It is also important that there be at least one Settings.txt file in the directory that will be used to detect and store the camera serial number and the ROI used for calibration (which is critical for later alignment with experimental data). An example of a typical calibration folder structure is shown below.
/calibration_folder/
├── bright00p1_Iter_CamA_ch0_stack0000_488nm.tif
├── bright00p1_Iter_CamA_ch1_stack0000_642nm.tif
├── bright00p1_Iter_Settings.txt
├── bright00p2_Iter_CamA_ch0_stack0000_488nm.tif
├── bright00p2_Iter_CamA_ch1_stack0000_642nm.tif
├── bright00p2_Iter_Settings.txt
├── bright00p4_Iter_CamA_ch0_stack0000_488nm.tif
├── bright00p4_Iter_CamA_ch1_stack0000_642nm.tif
├── bright00p4_Iter_Settings.txt
.
.
.
├── bright80p0_Iter_CamA_ch0_stack0000_488nm.tif
├── bright80p0_Iter_CamA_ch1_stack0000_642nm.tif
├── bright80p0_Iter_Settings.txt
├── bright90p0_Iter_CamA_ch0_stack0000_488nm.tif
├── bright90p0_Iter_CamA_ch1_stack0000_642nm.tif
├── bright90p0_Iter_Settings.txt
.
.
.
├── dark_Iter_CamA_ch0_stack0000_488nm.tif
├── dark_Iter_CamA_ch0_stack0001_488nm.tif
├── dark_Iter_CamA_ch0_stack0002_488nm.tif
.
.
.
Note
Don’t confuse the ~20,000 “dark images” used for estimating camera offset with the “dark images” (ch1) that immediately follow the “bright images” (ch0) in each image-pair with gradually increasing laser intensity. In the example below, everything that has ch1_stack0000_642nm.tif
in the name is a dark image used for estimating carryover charge (the 642nm laser wasn’t on), whereas everything that has the word dark
in the filename will be averaged together to measure camera offset. The only thing LLSpy cares about is the word “dark” in the filename. It will use those for offset measurement, and everything else is assumed to be a bright/dark (ch0/ch1) matched image-pair.
Note
A small example dataset for calibration can be downloaded here. For actual characterization, you should use more images than the number provided in the sample data.
Once you have gathered the data, you can generate the camera correction file using either the command line tool:
$ lls camera -c /path/to/calibration_folder/
or the “Camera Calibration” window in the LLSpy GUI, which can be found in the Tools menu.
In the GUI window, click the Select Folder
button next to the Image Folder
field and navigate to the folder containing your calibration data. Note, you may optionally provide pre-calculated dark average (AVG) and standard deviation (STD) projection images. But if you simply include the raw dark images in the calibration folder and put the word “dark” in their filenames (as shown above in the example folder structure), those files will be used to calculated the AVG and STD projection images for you. This is recommended (and it is required when using the command line interface, where you cannot provide the AVG and STD projections seperately). Click the Run
button and the program will calculate correction file. This may take quite a while (many hours even) depending on your system, but the progress bar will provide a time estimate after a short delay. Currently, the only way to stop the process is just to quit LLSpy (simply closing the window will not stop the process). Once done, the program will output the correction file into the same folder used for calibartion. Find this file (it will be labeled something like FlashParam_sn{}_roi{}_date{}.tif
) and store it somewhere you will remember.

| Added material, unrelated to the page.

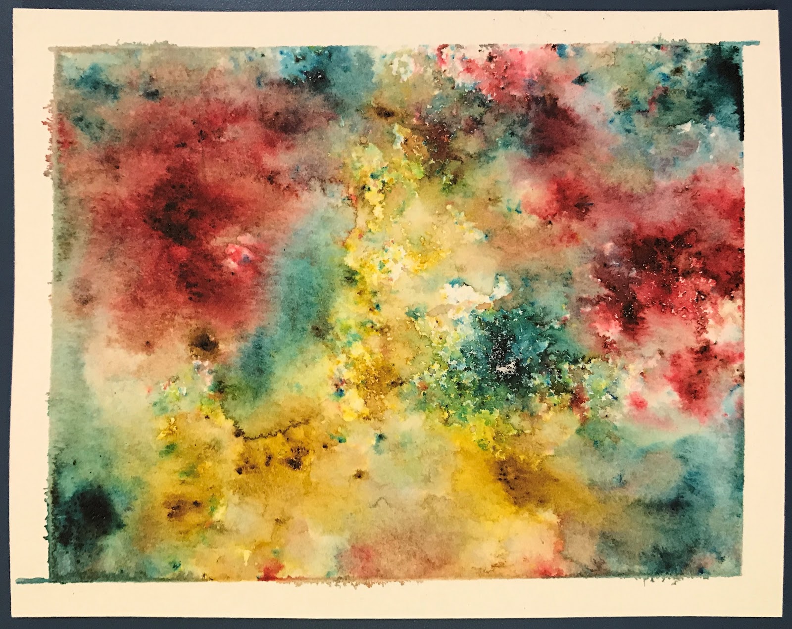 Then I tried something that I thought would be neat.....FAILURE. I put some of the Bister crystals on my watercolor paper, covered it with a damp paper towel and then misted it more. The paper towel looked pretty cool...for a while. I finally lifted it to look at the paper beneath. It looked like I had done nothing. Hmmmm. So, I just misted it like normal and that is the red/yellow/blue sample. Think I'll stamp a silhouette stamp in it.

Applying the Correction in LLSpy¶
Once you have generated the camera correction file, you can use it to correct your experimental data. In the LLSpy GUI, on the Process tab, in the “Pre-Processing” section, click the ...
button next to the “CameraParam Tiff” field and select your camera correction tiff that you previously generated. To apply the correction check the “Do Flash Correction” checkbox. You may then select whether the correction is calculated single-threaded on the CPU, multithreaded in parallel on the CPU, or on the GPU using CUDA. For most purposes, parallel correction is the fastest (but CUDA is similarly fast).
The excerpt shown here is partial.